1) A yellow chip is added to the table, indicating success and that they are in a skill challenge.
2) A blue chip is added to the table, indicating failure and that they are in a skill challenge.
3) The player decided to aid a friend, in which case 1 and 2 are just delayed.

The biggest problem is creating the right conditions for failure and making sure that failure means something. I've opted for a pretty basic rules set for failure, following the idea that all information is valuable and there need to be many ways to get it. An investigation game is only as good as the information presented and getting stumped because they failed one challenged and missed crucial information just plain isn't fun. This means that there has to be penalties without stopping the actual game story. This list is what I have used so far.

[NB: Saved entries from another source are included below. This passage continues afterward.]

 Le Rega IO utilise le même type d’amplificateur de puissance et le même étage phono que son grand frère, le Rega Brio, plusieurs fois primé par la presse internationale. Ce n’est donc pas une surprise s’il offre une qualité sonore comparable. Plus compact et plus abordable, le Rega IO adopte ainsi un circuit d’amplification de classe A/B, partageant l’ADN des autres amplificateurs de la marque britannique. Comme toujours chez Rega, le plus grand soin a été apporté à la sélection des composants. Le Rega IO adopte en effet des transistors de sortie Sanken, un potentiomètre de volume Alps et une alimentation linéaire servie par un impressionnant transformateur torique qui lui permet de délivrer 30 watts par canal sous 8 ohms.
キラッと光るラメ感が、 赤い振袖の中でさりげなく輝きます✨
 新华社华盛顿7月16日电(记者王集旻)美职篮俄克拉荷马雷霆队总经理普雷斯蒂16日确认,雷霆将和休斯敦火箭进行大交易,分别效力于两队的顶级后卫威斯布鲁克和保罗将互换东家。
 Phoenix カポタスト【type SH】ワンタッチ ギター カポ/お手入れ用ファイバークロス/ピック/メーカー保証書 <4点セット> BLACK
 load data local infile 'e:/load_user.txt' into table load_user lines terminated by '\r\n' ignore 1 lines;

1) Each scene has two failure limits. The first failure limit indicates that the difficulty of the encounter has decreased, lowering the party's overall XP reward. The second indicates that the scene ends and the group has to move on elsewhere for information.

2) The party receives incomplete information as the scene ends. This has almost always lead to a fight scene as the party was lead into the mastermind's devious trap. Usually the fight reward is the rest of the information or at least additional information that might lead to another skill challenge.



3) Punishment as it is recommended in the DMG. This actually isn't bad. Players lose healing surges, they become distracted lowering their initiative for the next fight, etc. These are all acceptable actions that show the consequences of failure without really stopping the investigation.

4) Missed information results in a harder encounter down the line as a result of the missed information, prior to the climax of the arc. This is always coupled with enough information during the encounter itself to reveal what was missed and how that might have been avoided.

5) Tangible rewards. A lot of scenes have specific items and treasure hidden about as rewards for doing well enough to spend actions just searching the premise. In this case, the punishment is not getting that stash of gold or potions, or even magic ritual or item. This is an easy one to use, and the players might never have a clue.

The key is that information is never the reward of the scene, just the speed at which it is gathered. This might mean adding extra encounters as the game story progresses, but that's just part of the fun an excitement running this type of game.

Give an investigation encounter a shot in a game. Who knows? The players might love it, and so might you, the person running the game.